▸ INPUT MATERIAL
↓
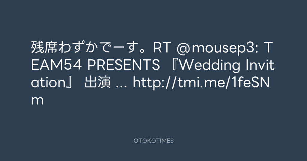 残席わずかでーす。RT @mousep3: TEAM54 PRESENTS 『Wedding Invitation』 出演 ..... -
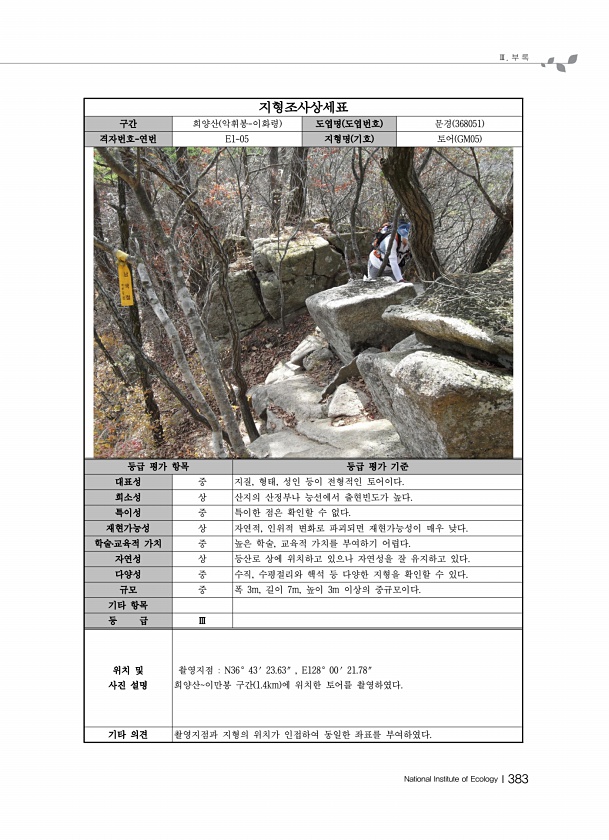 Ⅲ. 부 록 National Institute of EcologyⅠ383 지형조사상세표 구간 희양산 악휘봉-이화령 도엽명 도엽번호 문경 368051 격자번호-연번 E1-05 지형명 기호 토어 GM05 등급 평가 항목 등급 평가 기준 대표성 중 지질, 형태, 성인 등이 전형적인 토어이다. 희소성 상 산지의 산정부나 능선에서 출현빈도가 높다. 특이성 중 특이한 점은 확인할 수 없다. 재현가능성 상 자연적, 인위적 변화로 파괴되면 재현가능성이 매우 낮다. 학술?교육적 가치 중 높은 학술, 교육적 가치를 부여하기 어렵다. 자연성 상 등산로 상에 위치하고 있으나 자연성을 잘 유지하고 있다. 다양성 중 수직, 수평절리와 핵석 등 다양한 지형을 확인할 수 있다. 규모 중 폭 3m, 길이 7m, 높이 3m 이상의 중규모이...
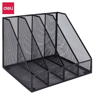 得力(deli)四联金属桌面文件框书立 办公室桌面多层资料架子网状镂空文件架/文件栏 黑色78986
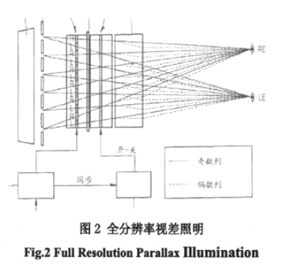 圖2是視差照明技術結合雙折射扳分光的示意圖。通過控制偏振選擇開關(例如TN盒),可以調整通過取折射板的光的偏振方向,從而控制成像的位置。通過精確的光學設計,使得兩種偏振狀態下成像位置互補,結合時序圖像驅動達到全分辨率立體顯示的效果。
↑
↓
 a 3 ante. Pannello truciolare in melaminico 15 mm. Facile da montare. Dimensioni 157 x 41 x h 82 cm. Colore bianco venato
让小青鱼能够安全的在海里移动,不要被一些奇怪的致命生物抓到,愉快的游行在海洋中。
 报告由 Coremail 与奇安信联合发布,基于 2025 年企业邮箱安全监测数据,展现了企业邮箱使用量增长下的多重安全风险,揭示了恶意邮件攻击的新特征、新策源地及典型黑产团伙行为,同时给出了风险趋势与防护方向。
↑
▸ TASK
Restate word for word every line from the one with "残席わずかでーす。RT @mousep3: TEAM54" up to and including the one with "圖2是視差照明技術結合雙折射" in the records above, minus the pictures.

▸ ANSWER TO THIS TASK
 残席わずかでーす。RT @mousep3: TEAM54 PRESENTS 『Wedding Invitation』 出演 ..... -
 Ⅲ. 부 록 National Institute of EcologyⅠ383 지형조사상세표 구간 희양산 악휘봉-이화령 도엽명 도엽번호 문경 368051 격자번호-연번 E1-05 지형명 기호 토어 GM05 등급 평가 항목 등급 평가 기준 대표성 중 지질, 형태, 성인 등이 전형적인 토어이다. 희소성 상 산지의 산정부나 능선에서 출현빈도가 높다. 특이성 중 특이한 점은 확인할 수 없다. 재현가능성 상 자연적, 인위적 변화로 파괴되면 재현가능성이 매우 낮다. 학술?교육적 가치 중 높은 학술, 교육적 가치를 부여하기 어렵다. 자연성 상 등산로 상에 위치하고 있으나 자연성을 잘 유지하고 있다. 다양성 중 수직, 수평절리와 핵석 등 다양한 지형을 확인할 수 있다. 규모 중 폭 3m, 길이 7m, 높이 3m 이상의 중규모이...
 得力(deli)四联金属桌面文件框书立 办公室桌面多层资料架子网状镂空文件架/文件栏 黑色78986
 圖2是視差照明技術結合雙折射扳分光的示意圖。通過控制偏振選擇開關(例如TN盒),可以調整通過取折射板的光的偏振方向,從而控制成像的位置。通過精確的光學設計,使得兩種偏振狀態下成像位置互補,結合時序圖像驅動達到全分辨率立體顯示的效果。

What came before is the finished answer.